Limited Japanese + digits

228 views
Skip to first unread message

Frank Bennett

unread,
Mar 21, 2008, 8:50:24 PM3/21/08
to tesseract-ocr
I have put together a set of training files that recognize about 60
Japanese characters in addition to digits and the other usual
suspects, and I made some little discoveries in the process. I'm sure
this is all old hat to most of the people here, but some open
questions remain (see below), and maybe some of this will be of use to
future neophytes like myself. I would be curious to know if there are
specific limitations in mftraining that would cause it to segfault
under the conditions described below. (I have the training data to
hand if anyone is interested):

- It is possible to splice additional chunks of graphic at the top of
the existing training pages. By starting with a "blank" that has
3600x3600 white space below the additional patch of characters, it is
possible to add characters to the standard training set without
altering the base training data.

- Tesseract will happily recognize Japanese characters, there seems to
be nothing in the glyphs themselves that will confound her. On the
other hand, without interword space, I assume that you have to get by
without dictionary-based heuristics.

- In training, tess behaves very badly when a glyph is not replicated
across all pages. When a page with a glyph missing in the font for one
character was used accidentally, the recognition rate deteriorated as
she progressed through a page, even though the box file correctly
described that page. This was true even with the training pages
themselves. When the missing glyph was put in place and tess
retrained, the recognition rate on training pages jumped to 100%.

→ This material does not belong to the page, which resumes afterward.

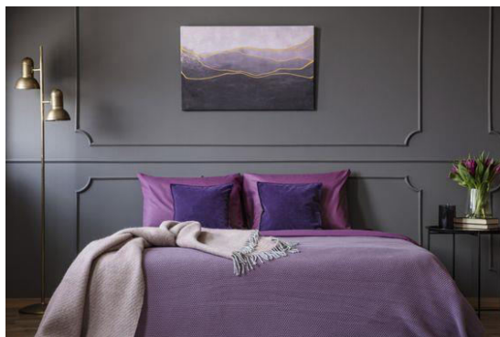
Figura 4. Dormitor în culori monocromatice întunecate

- Feeding duplicate graphics and box data to tess in separate training
pages _may_ be a bad idea.

o When I cloned the images and box data for 9 Japanese fonts across
the 32 training pages, mftraining segfaulted.

o When I filtered out everything but the Japanese characters in the
box files for the same pages, I got the same error.

o When I reduced the set to 9 pages with unique Japanese fonts in
each, training completed successfully with the full complement of
English characters plus the newcomers.

o The segfault problem may have been due to other causes:

+ If tess tracks irrelevant blobs during training, it might have
been due to an overflow of some sort, since there are more potential
blobs in the amended page images.

+ Also, most of the Japanese character boxes in my training data
are displaced about 30% vertically, which could be a problem (I have a
manuscript deadline, and I'm saving all that cursor key joy for a
later time).

+ Or I guess an off-by-one error in vertical alignment might have
crept in when the graphic was spliced that eventually snowballs during
the training process and causes mftraining to die.

Frank Bennett

Frank Bennett

unread,
Mar 23, 2008, 1:54:15 AM3/23/08
to tesseract-ocr
I have pushed this as far as appears to be possible with Tesseract
2.01. We now have a "language" configuration built from 10 training
pages, each containing 123 glyphs, composed of the numbers 0-9 the
comma, assorted punctuation marks and 106 Japanese characters. This
is the limit of what mftraining will handle with this combination of
characters; adding another training page triggers a segfault. But
tess runs the 10-page language configuration without complaint.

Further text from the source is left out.